HMP The Mount
- Interactive map of HMP The Mount
- Location: Bovingdon, Hertfordshire;
- Security class: Adult Male/Category C
- Population: 1001 (May 2022)
- Opened: 1987
- Managed by: HM Prison Services
- Governor: John Gormley
- Website: The Mount at justice.gov.uk

= HM Prison The Mount =

Men's prison in Hertfordshire, England

HM Prison The Mount is a Category C men's prison, located on the outskirts of Bovingdon village in Hertfordshire, England. The Mount Prison is operated by His Majesty's Prison Service.

==History==
The Mount Prison was designed as a Category C Training prison built on the site of the former Bovingdon RAF station. However, when the establishment opened in 1987, it was used as a Young Offenders Institution for males aged 18 to 21. Today the prison is used to hold Category C adult male prisoners.

In November 1994, two inmates escaped from The Mount in a violent break-out. The pair attacked a civilian instructor, tied him up and fled from the bricklaying workshop being held inside the prison. The instructor was taken to hospital suffering from a fractured skull.

In February 2005, an inspection report from His Majesty's Chief Inspector of Prisons condemned The Mount Prison, claiming that the jail's drug problem was out of control and threatened the security and safety of prisoners. According to the report, nearly half of the inmates said they felt unsafe, 25% had been victims of bullying, and another 44% said that it was easy to obtain illegal drugs. The inspection also found significant tensions among ethnic minorities at the prison and unclean conditions.

In 2007, The Mount Prison partnered with Hertfordshire Highways to have inmates repair damaged roadwork signs. The prison announced the contract under which offenders who are learning metalwork, welding and painting skills will repair the broken road signs.

In January 2013, the Ministry of Justice announced that an additional houseblock would be constructed at The Mount Prison, increasing the capacity of the jail.

In April 2015, a prisoner was stabbed with a shard of glass and almost bled to death.

In summer 2016, the prison's Independent Monitoring Board (IMB) reported that, "all the ingredients were in place for The Mount to suffer disorder such as has been experienced in other prisons – staff shortages, readily available drugs, mounting violence".

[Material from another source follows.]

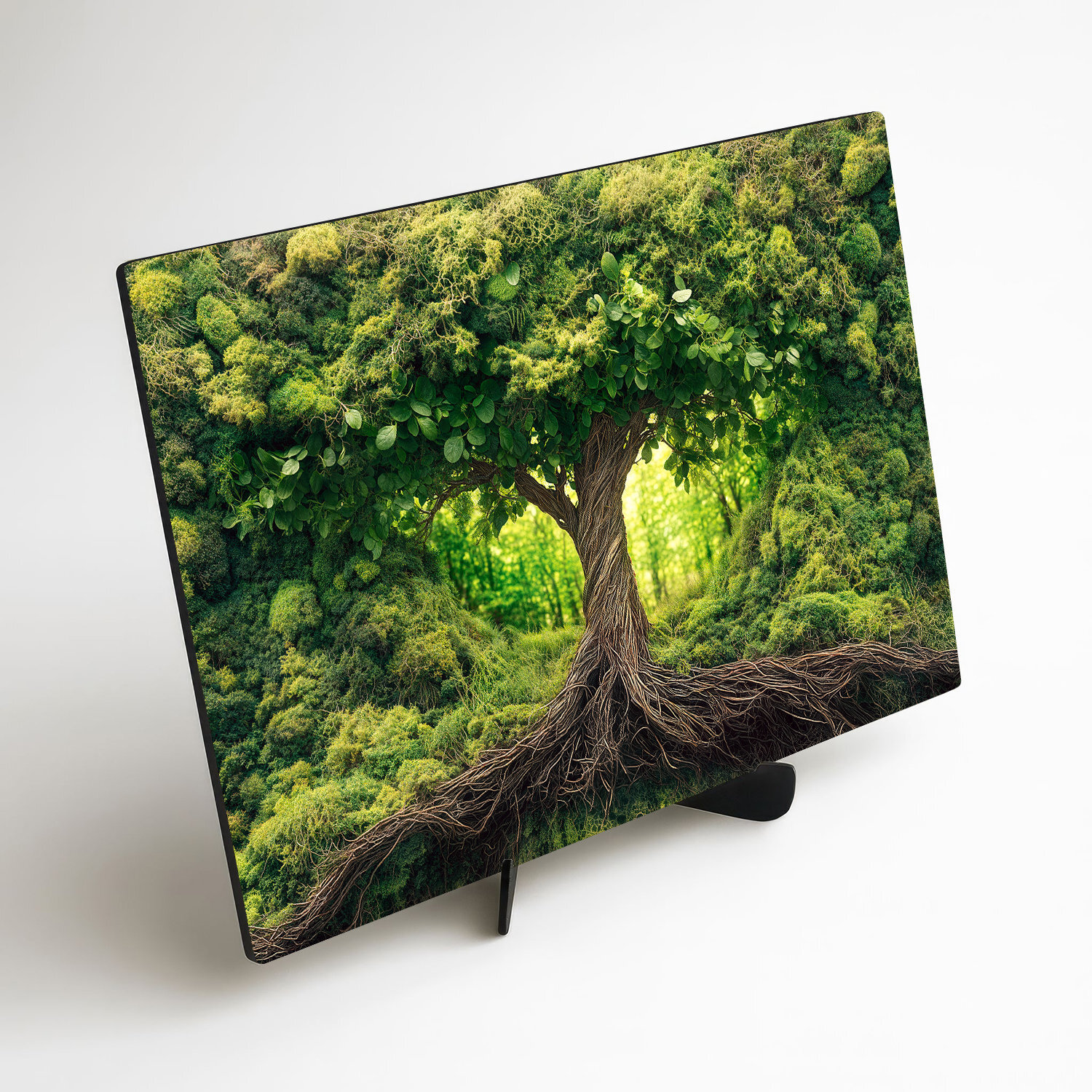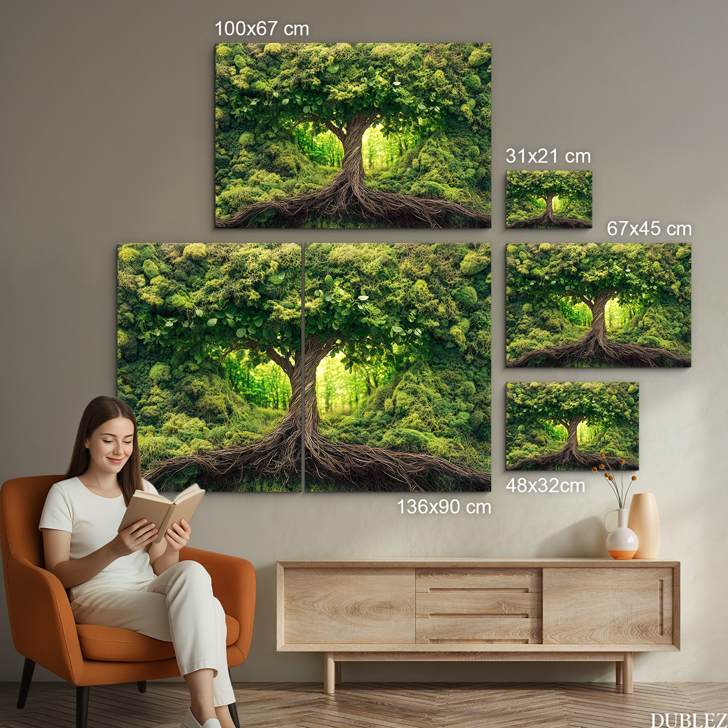 Zelený obraz stromu života v nedotknutej prírode vtiahne do interiéru pokoj a energiu lesa. Detailne tlačený mach, listy a korene vytvára pôsobivý 3D efekt, vďaka ktorému obraz doslova ožije na stene. Vynikne najmä v obývačke, spálni alebo vstupnej hale. Obraz je ideálnym darčekom pre milovníkov prírody, pokojného bývania a ekologického dizajnu.

In July 2017, riot-trained staff were brought into Mount Prison to deal with a disturbance. For a time, prison staff had lost control of two wings, but order was later restored. Another incident ensued the following day, when armed prisoners took control of Nash Wing and broke windows.

==The prison today==
The Mount is a Category C prison for adult males. As of 31 August 2015, it had an operational capacity of 1,028. The regime at the prison includes full- and part-time education, workshops, training courses, farms and gardens, and a works department. Other features include listener groups (a community-based project to keep juveniles out of prison), a job skills course, and prisoner-led drug-free meetings.

According to a report, Mount Prison experiences severe staff shortages, which inmates' relatives have claimed results in prisoners being locked in their cells over weekends. The Mount was given the second lowest rating out of four by the National Offender Management Service (NOMS), which said performance was "of concern". In November 2016, the drug problem had reached such an extent that many prisoners were suffering serious health effects, which led to 70 mainly drug-related emergency callouts during the month. Spice is a "big concern" according to prison staff. Staff have left due to uncompetitive salaries, and many of the empty posts have remained unfilled. An IMB report said: “Experienced staff have left and not been fully replaced, so that at the end of February there were 24 vacancies out of a complement of 136 officers, and a high proportion of officers and managers had less than two years’ experience.”

In the report relating to the 2018 inspection, the chief executive of HMPPS stated "The Mount is improving after a difficult period and there are robust plans in place to accelerate progress.

“An additional 30 prison officers will be working on landings by December and a strengthened violence reduction strategy is being implemented. The prison is also increasing purposeful activity, finding a new education provider and has appointed a dedicated manager to make sure the prison is caring appropriately for its diverse population.

“A comprehensive action plan will be published to address the wider recommendations in this report and we will be monitoring progress closely."

The prison operates a number of training programme such as bicycle refurbishment, bricklaying, plastering, woodworking, window frame manufacture and car mechanics. It also offers a programme called Redemption Roasters, which enables prisoners to learn how to roast coffee and develop skills in producing ground coffee. The coffee produced is used to supply coffee shops within the prison service.